# Fall engagement session in Michigan



## y75stingray (Oct 29, 2010)

Recently shot a couple in a state park and local bar. This is my second paid engagement shoot and my first time using fill flash. Let me know what you think.

1. 
	

	
	
		
		

		
			





2. 
	

	
	
		
		

		
		
	


	




3. 
	

	
	
		
		

		
		
	


	




4. 
	

	
	
		
		

		
		
	


	




5. 
	

	
	
		
		

		
		
	


	




6. 
	

	
	
		
		

		
		
	


	




7. 
	

	
	
		
		

		
		
	


	




8.


----------



## Derrel (Oct 29, 2010)

Photos 2 and 3 seem a little average to me, but 6 and 7 make up for it.


----------



## tirediron (Oct 29, 2010)

A very nice set; I think I would have skipped the blanket in #3 and just had them laying directly on the leaves.


----------



## westerngirl14 (Oct 30, 2010)

#7 is amazing.
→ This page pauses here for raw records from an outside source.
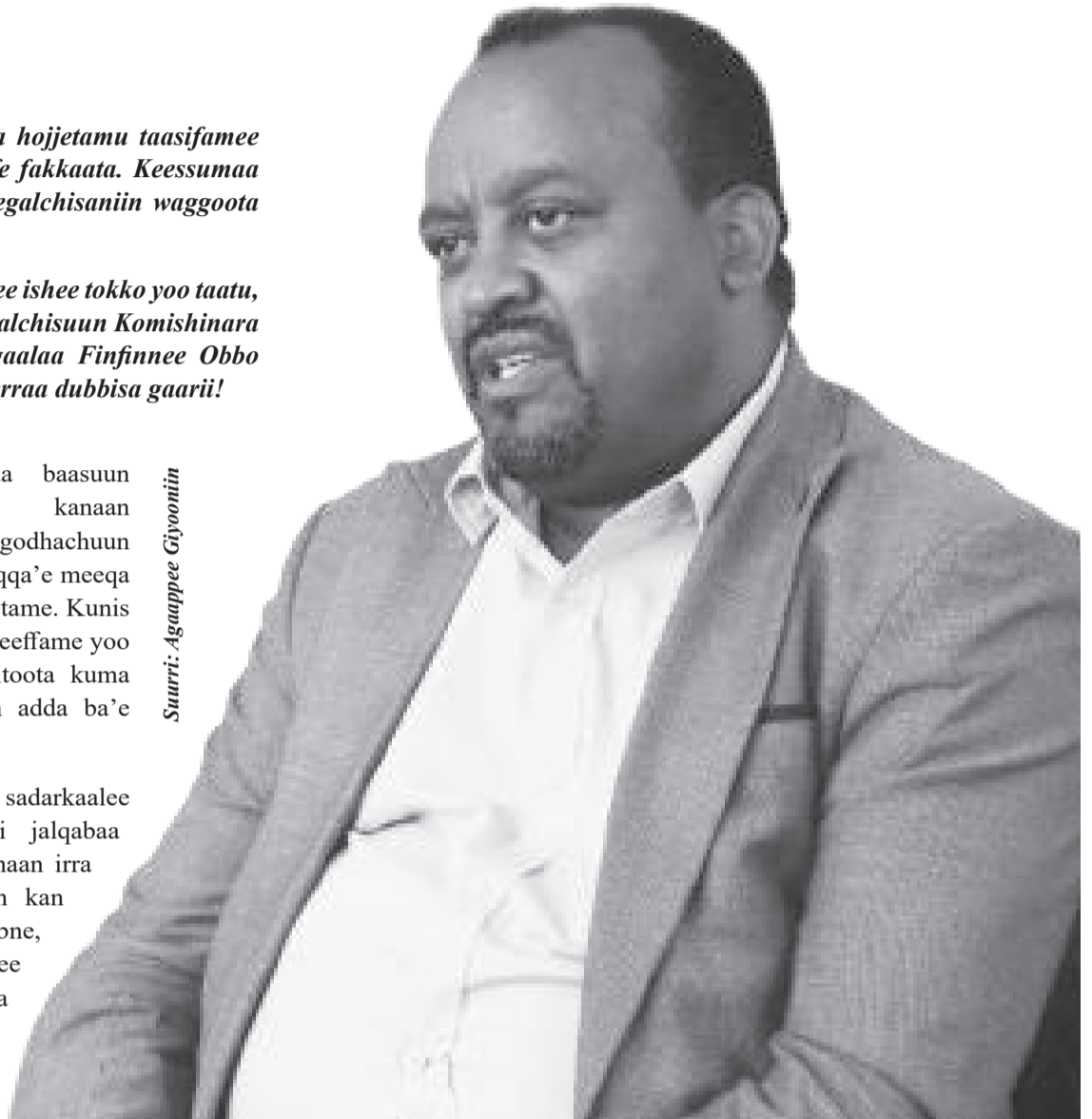
Suurri: Aguupee Giyoontin

Akkasumas ogummaasaanii giddugaleessa godhachuun horsiisa beeyladaa, annan loonii omishuufi furdisu akkasumas lukkuu horsiisuurratti qarshii biliyoona tokkoo oliin giddugalli pirojektii marsaawwan sadiin ijaaramaa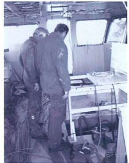
Werkzaamheden in het stuurhuis

Hoogste prioriteit heeft op dit moment het in de vaart brengen van het m.s. Frisian Lady.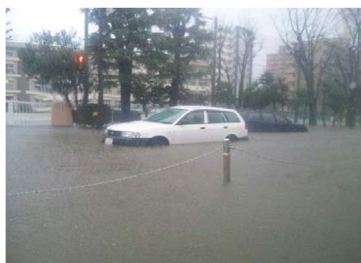
平成22年12月24日 榴岡小学校前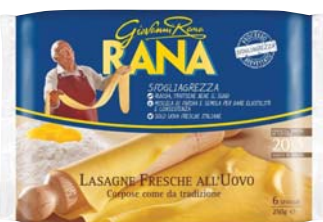
LASAGNE SFOGLIAGREZZA RANA 250G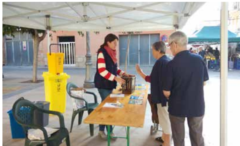
UNA DE LES CARPES INFORMATIVES INSTAL·LADA PER INFORMAR ELS VEÏNS DEL NOU SISTEMA DE RECOLLIDA PORTA A PORTA.

recull el rebuig i els bolquers. Les restes d'orgànica es recullen els dimecres, divendres i diumenges. Els envasos, dimecres i divendres. El paper i cartó, divendres. I a més de dilluns, els dimecres, divendres i diumenges també es podran treure a la porta els bolquers. Dimarts, dijous i dissabtes no hi ha servei de recollida. Coincidint amb l'inici del porta a porta es va fer una xerrada i es van instal·lar carpes informatives per explicar el seu funcionament, i educadors ambientals van visitar alguns domicilis per tal que tothom tingués clar com havia d'actuar. Amb tot plegat s'ha aconseguit reduir el rebuig, que era l'objectiu principal del nou sistema, ja que d'aquesta manera es podran evitar les repercussions econòmiques que suposarà l'increment del cànon per disposar la brossa a un abocador (un 146% més de cara a l'any 2020). En cas contrari, l'Ajuntament es veuria obligat a pujar la taxa d'escombraries.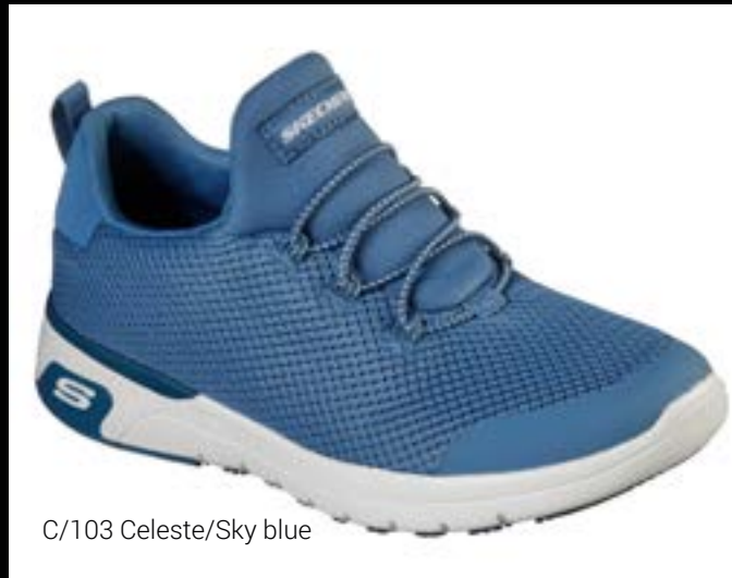
C/103 Celeste/Sky blue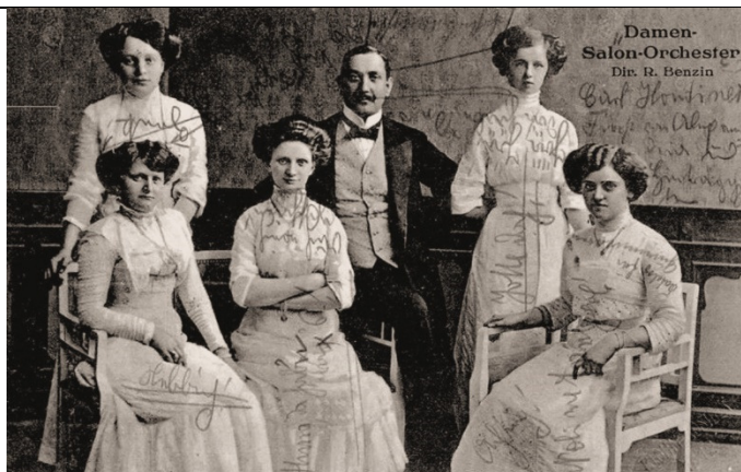
Damen Salon Orchester – R. Benzin

I'm DIGGIN it! what an awesome idea!


----------



## y75stingray (Nov 1, 2010)

Derrel said:


> Photos 2 and 3 seem a little average to me, but 6 and 7 make up for it.


 

thanks,two and three were the couples requested poses so of course they were pretty typical.


----------



## y75stingray (Nov 1, 2010)

tirediron said:


> A very nice set; I think I would have skipped the blanket in #3 and just had them laying directly on the leaves.


 
Thanks,I had suggested skipping the blanket but they wanted to use it.


----------



## y75stingray (Nov 1, 2010)

westerngirl14 said:


> #7 is amazing. I'm DIGGIN it! what an awesome idea!


 
Thanks, I thats one of my favorites too.


----------



## SrBiscuit (Nov 1, 2010)

looks like focus was missed on 2 and 6.

very nice set overall though! :thumbup:


----------



## y75stingray (Nov 2, 2010)

SrBiscuit said:


> looks like focus was missed on 2 and 6.
> 
> very nice set overall though! :thumbup:


 
Yeah your correct 2. was a shot that i cropped from a bigger shot it made the oof more noticible but I liked the composition and the clients didnt mind the softer look. On number6. I wanted their faces to be slightly oof to give the image a bit of a dreamy look to it. Thanks for the comments!


----------



## SabrinaO (Dec 17, 2010)

6 is amazing! Great capture


----------



## Karri (Dec 17, 2010)

Definitely loving #7 and I like the pumpkin in #4 but it doesn't quite go together with the background to me.  I think it might be more fitting to have the pumpkin in some of the outside pics.  Looks like you got some good shots for them!!


----------



## rdptheman65 (Dec 19, 2010)

Have to agree that #7 is my favorite as well.  Everything about that picture was done real nicely.  The guy reminds me of a cross between and young Elvis and James Dean in that picture.


----------